### Task input
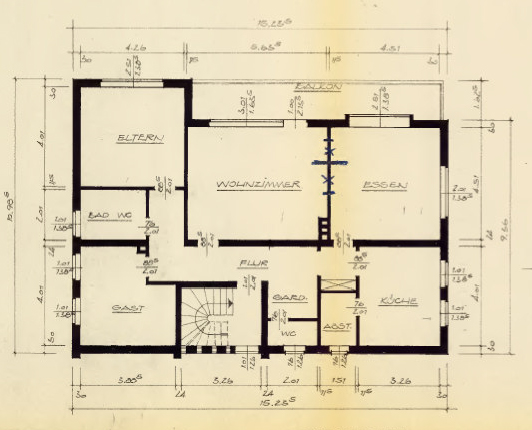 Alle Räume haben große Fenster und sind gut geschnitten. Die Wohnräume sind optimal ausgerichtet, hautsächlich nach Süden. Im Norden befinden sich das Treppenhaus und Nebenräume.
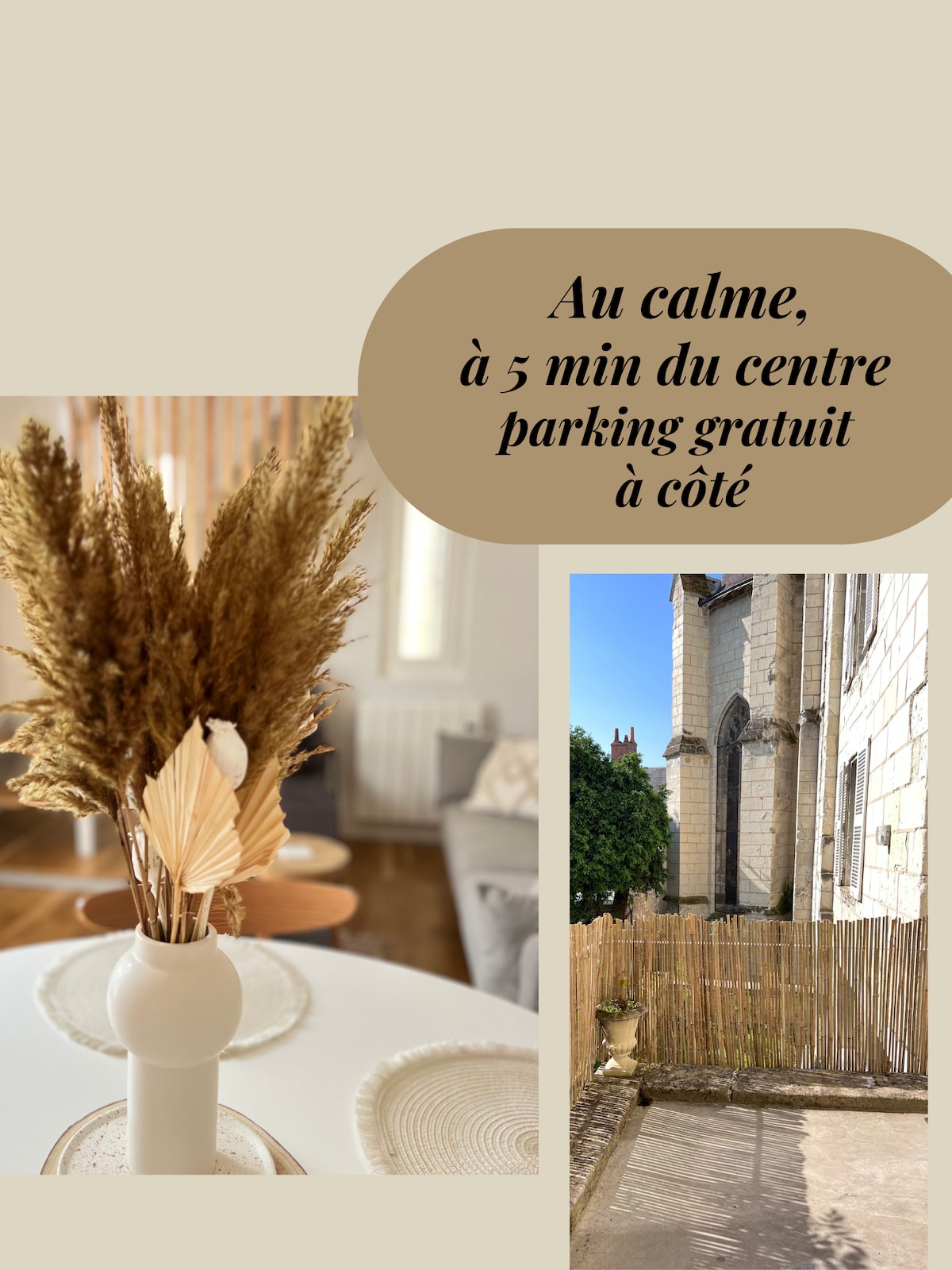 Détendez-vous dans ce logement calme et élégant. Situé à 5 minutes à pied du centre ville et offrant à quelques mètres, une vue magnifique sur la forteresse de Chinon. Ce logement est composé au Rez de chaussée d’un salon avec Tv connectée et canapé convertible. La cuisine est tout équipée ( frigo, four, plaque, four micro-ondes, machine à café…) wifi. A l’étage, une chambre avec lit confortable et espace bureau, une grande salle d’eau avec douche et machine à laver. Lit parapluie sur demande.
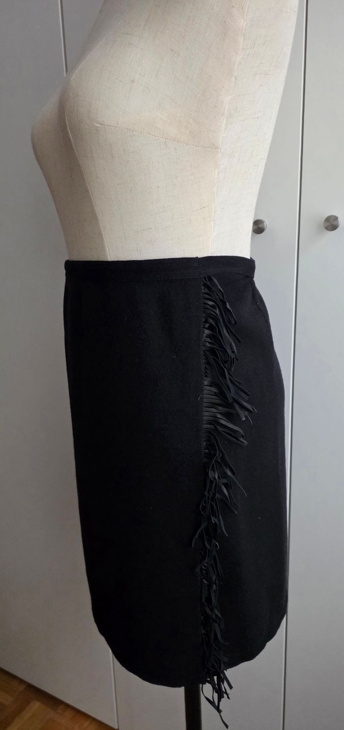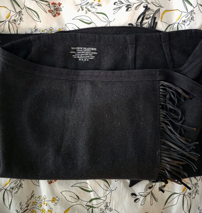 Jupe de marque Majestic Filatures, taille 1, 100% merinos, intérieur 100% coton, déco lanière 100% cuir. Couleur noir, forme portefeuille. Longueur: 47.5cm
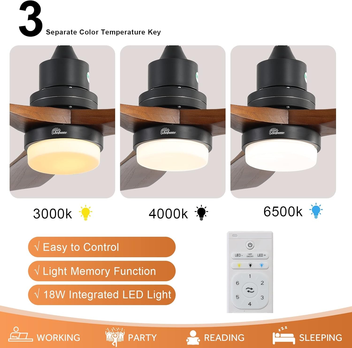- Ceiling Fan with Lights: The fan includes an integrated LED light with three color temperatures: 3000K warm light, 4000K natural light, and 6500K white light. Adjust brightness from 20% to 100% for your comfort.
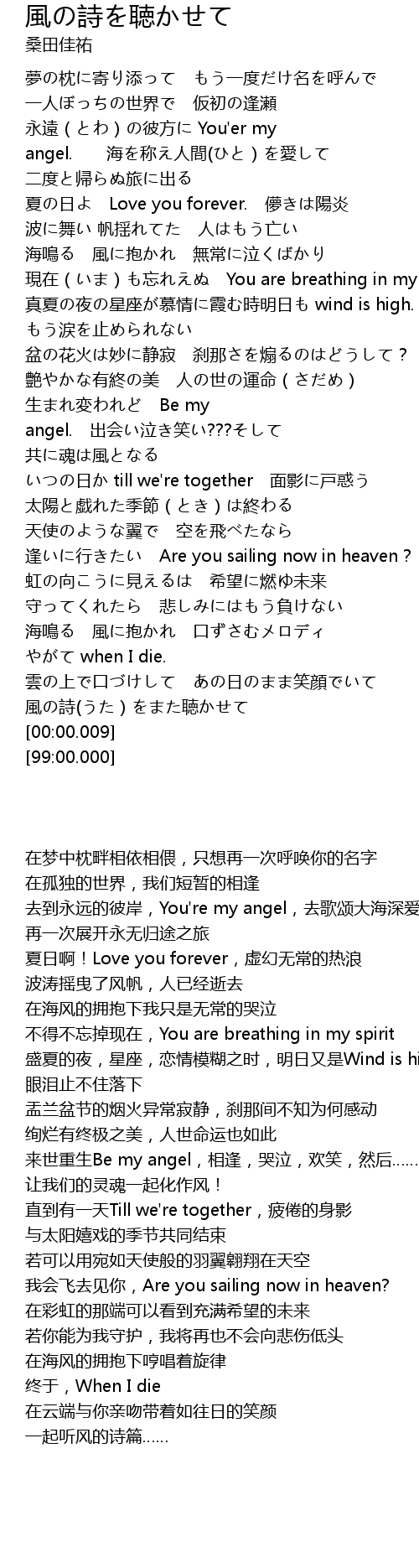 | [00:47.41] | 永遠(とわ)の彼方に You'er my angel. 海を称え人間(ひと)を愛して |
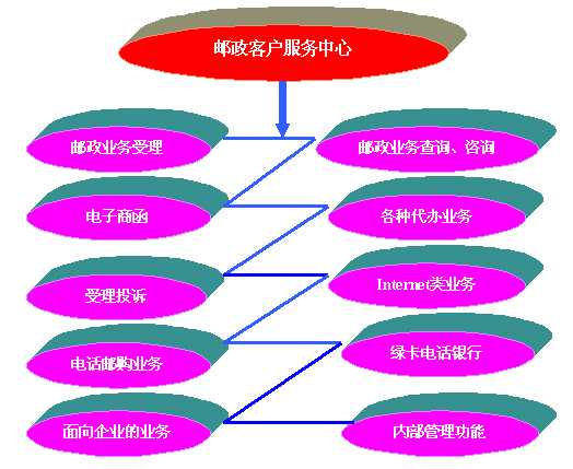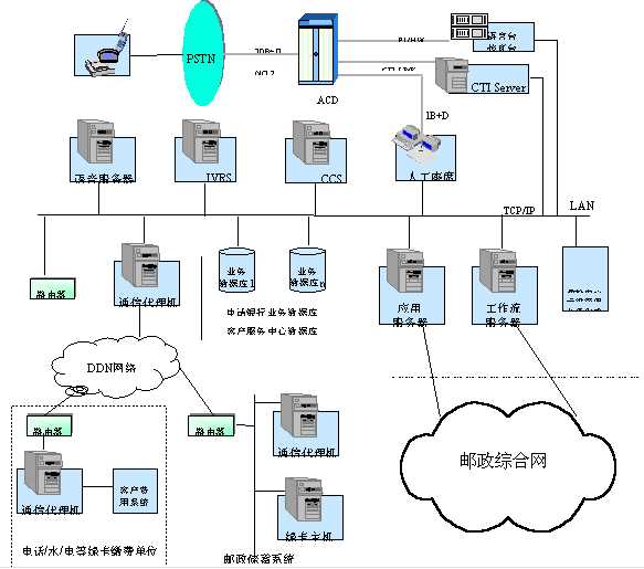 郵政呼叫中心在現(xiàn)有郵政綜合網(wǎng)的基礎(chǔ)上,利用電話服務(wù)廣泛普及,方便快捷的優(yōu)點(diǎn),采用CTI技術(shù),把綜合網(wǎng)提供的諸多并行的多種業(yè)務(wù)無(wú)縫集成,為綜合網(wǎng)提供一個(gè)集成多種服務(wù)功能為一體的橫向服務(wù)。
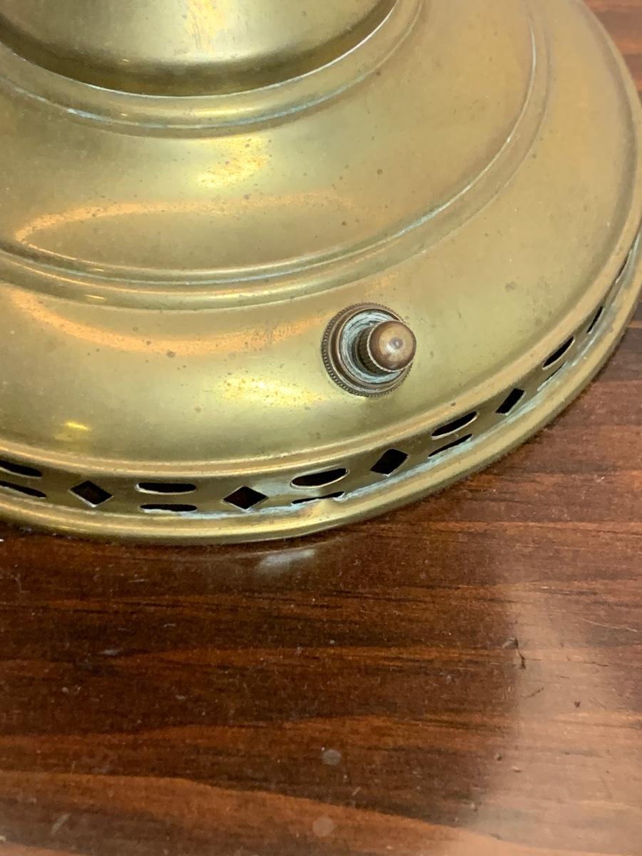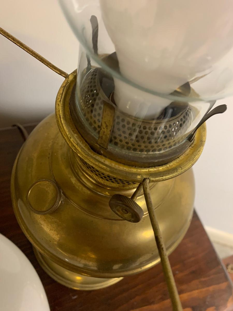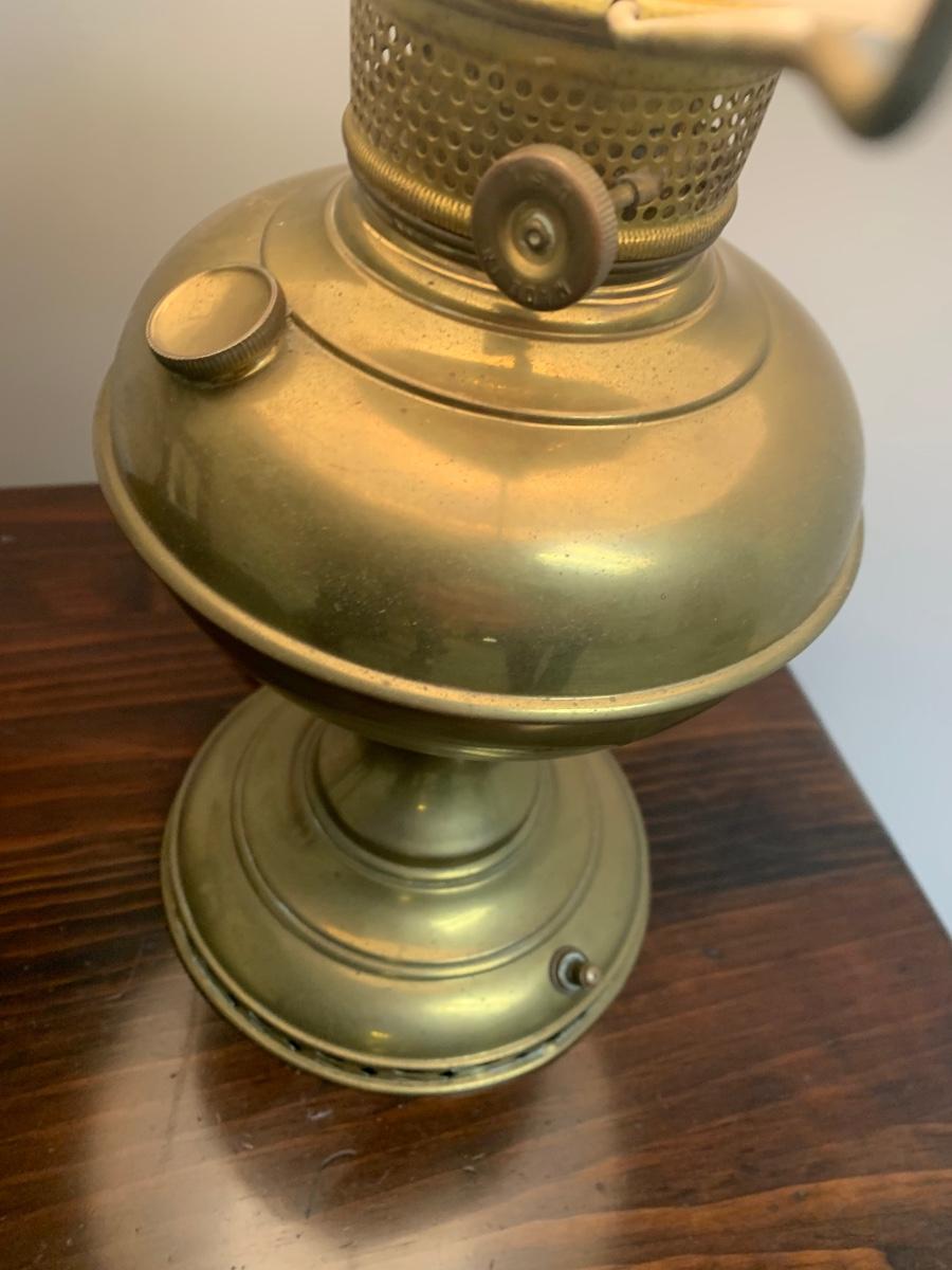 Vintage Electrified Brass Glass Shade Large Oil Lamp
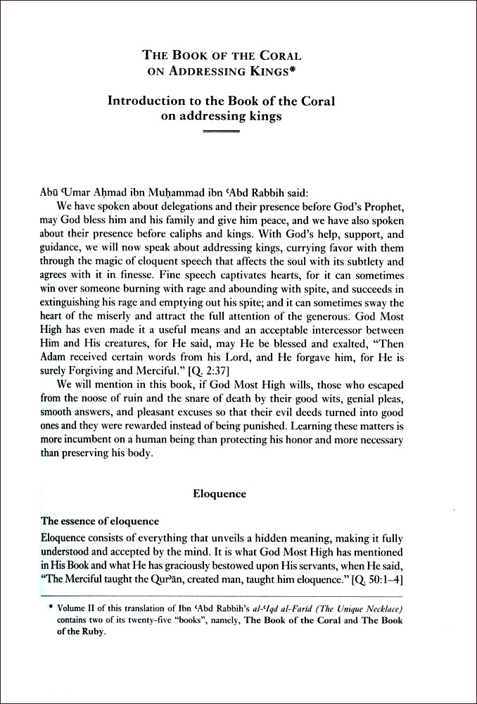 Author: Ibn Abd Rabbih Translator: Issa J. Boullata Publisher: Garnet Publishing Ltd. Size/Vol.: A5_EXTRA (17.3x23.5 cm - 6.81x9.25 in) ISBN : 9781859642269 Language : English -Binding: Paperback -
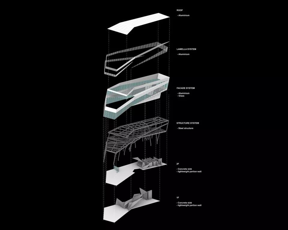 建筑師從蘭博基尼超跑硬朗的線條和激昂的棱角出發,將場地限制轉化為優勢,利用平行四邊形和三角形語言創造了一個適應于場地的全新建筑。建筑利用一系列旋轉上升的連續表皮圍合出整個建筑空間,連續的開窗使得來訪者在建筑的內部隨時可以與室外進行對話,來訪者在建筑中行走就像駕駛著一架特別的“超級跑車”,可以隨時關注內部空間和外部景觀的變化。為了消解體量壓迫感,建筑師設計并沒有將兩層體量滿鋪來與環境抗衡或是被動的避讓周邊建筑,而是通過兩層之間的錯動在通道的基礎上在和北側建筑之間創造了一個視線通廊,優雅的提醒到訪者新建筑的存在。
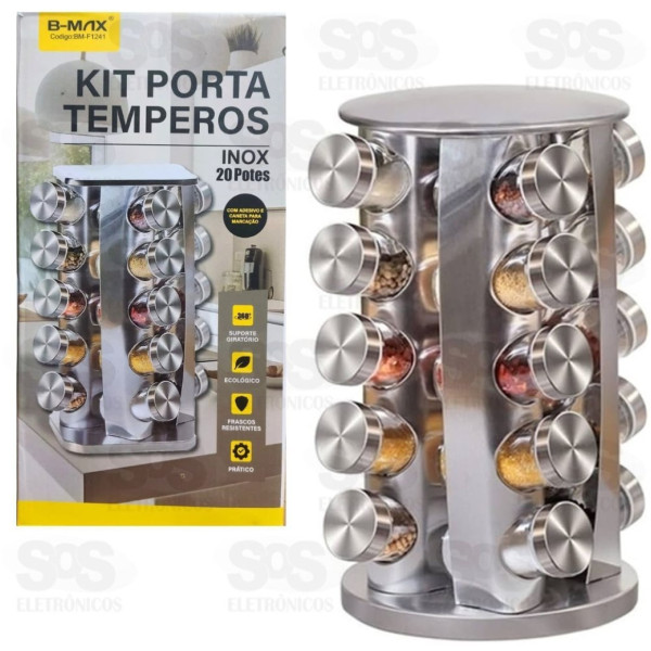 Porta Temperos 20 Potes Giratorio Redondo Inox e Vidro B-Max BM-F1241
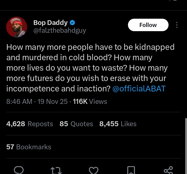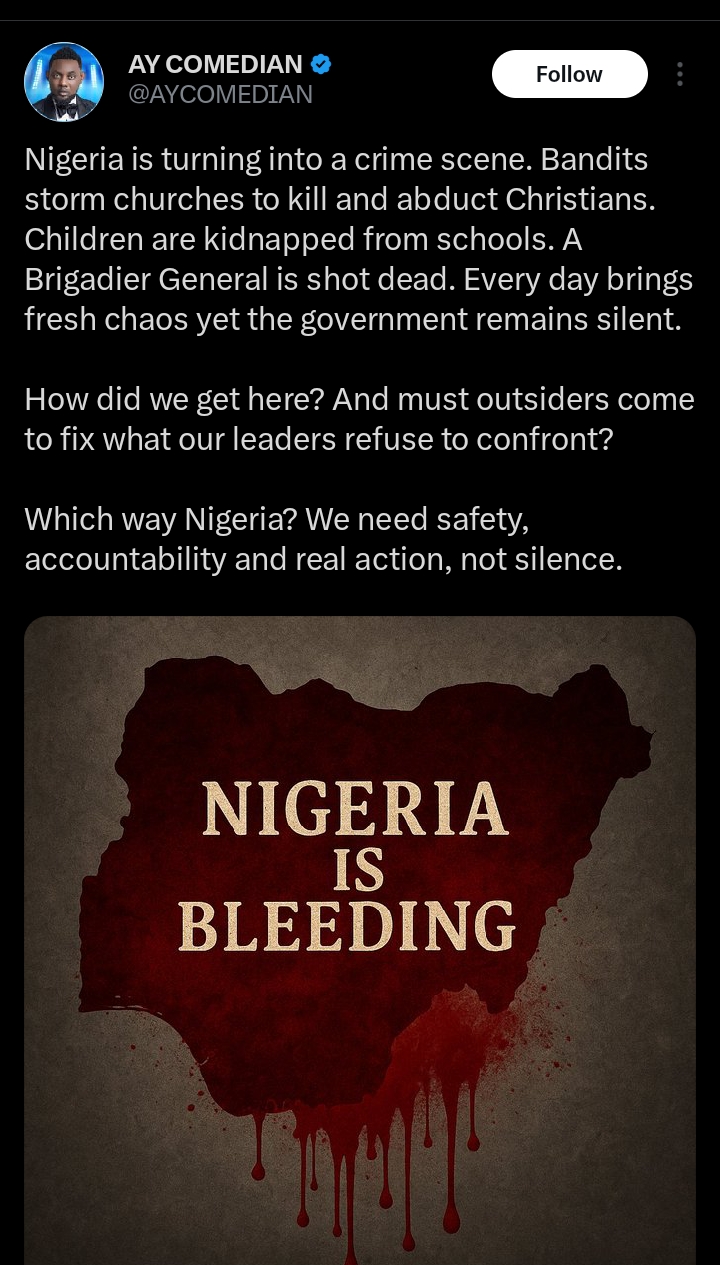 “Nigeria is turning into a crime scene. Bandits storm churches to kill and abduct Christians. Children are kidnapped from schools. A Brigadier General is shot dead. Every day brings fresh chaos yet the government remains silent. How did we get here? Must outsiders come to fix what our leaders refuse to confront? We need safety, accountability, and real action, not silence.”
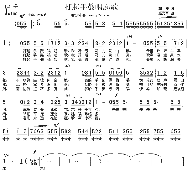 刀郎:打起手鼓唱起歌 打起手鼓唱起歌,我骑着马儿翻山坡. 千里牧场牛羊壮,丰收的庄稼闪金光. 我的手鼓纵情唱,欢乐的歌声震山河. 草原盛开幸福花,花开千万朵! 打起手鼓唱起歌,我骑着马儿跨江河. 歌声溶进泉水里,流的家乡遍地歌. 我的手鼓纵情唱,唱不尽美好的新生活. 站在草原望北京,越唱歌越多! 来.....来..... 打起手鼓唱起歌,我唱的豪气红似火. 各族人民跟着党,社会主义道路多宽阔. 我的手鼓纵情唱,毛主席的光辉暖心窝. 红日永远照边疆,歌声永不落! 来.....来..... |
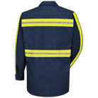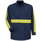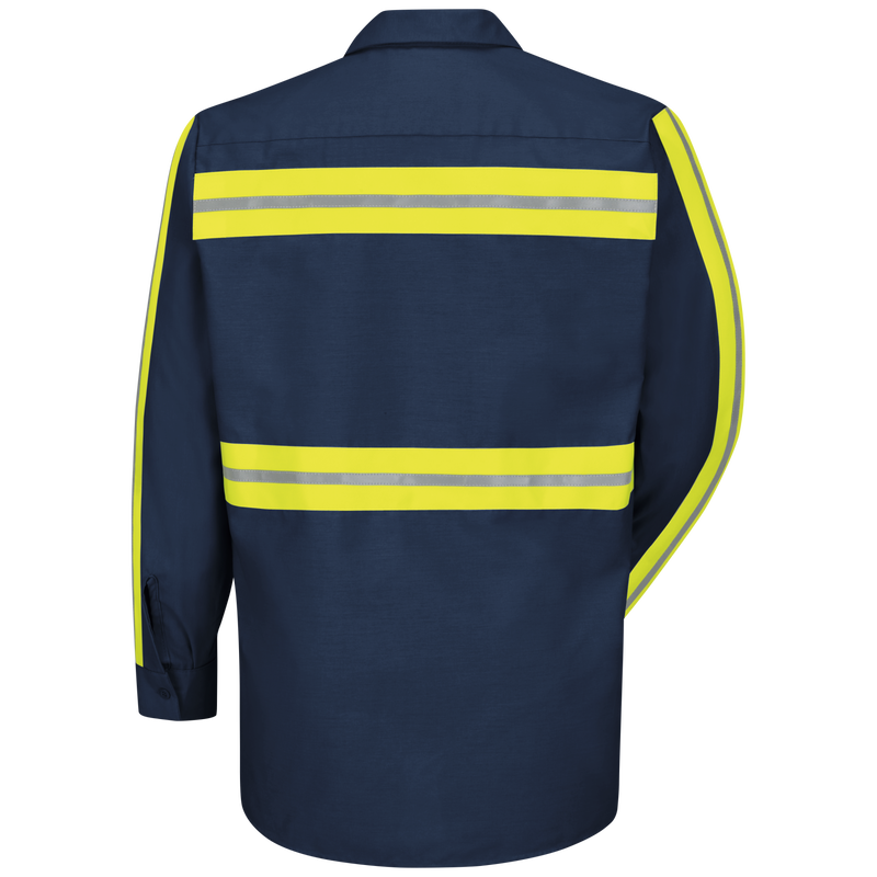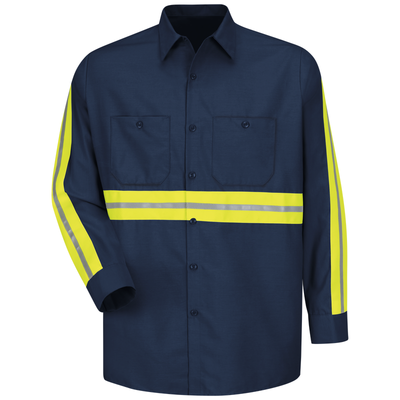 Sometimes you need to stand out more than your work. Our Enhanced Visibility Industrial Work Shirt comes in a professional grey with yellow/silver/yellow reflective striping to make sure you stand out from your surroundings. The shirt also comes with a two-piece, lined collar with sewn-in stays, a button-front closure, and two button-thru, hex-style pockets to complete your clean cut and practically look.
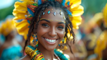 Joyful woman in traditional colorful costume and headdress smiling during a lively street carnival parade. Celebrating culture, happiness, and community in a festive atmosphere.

### Prompt
Leaving all pictures out, output exactly the lines of the material above from the line with "angel. 海を称え人間(ひと)を愛して |" to the line with "郵政呼叫中心在現(xiàn)", both included.

### Exercise output
 | [00:47.41] | 永遠(とわ)の彼方に You'er my angel. 海を称え人間(ひと)を愛して |
 郵政呼叫中心在現(xiàn)有郵政綜合網(wǎng)的基礎(chǔ)上,利用電話服務(wù)廣泛普及,方便快捷的優(yōu)點(diǎn),采用CTI技術(shù),把綜合網(wǎng)提供的諸多并行的多種業(yè)務(wù)無(wú)縫集成,為綜合網(wǎng)提供一個(gè)集成多種服務(wù)功能為一體的橫向服務(wù)。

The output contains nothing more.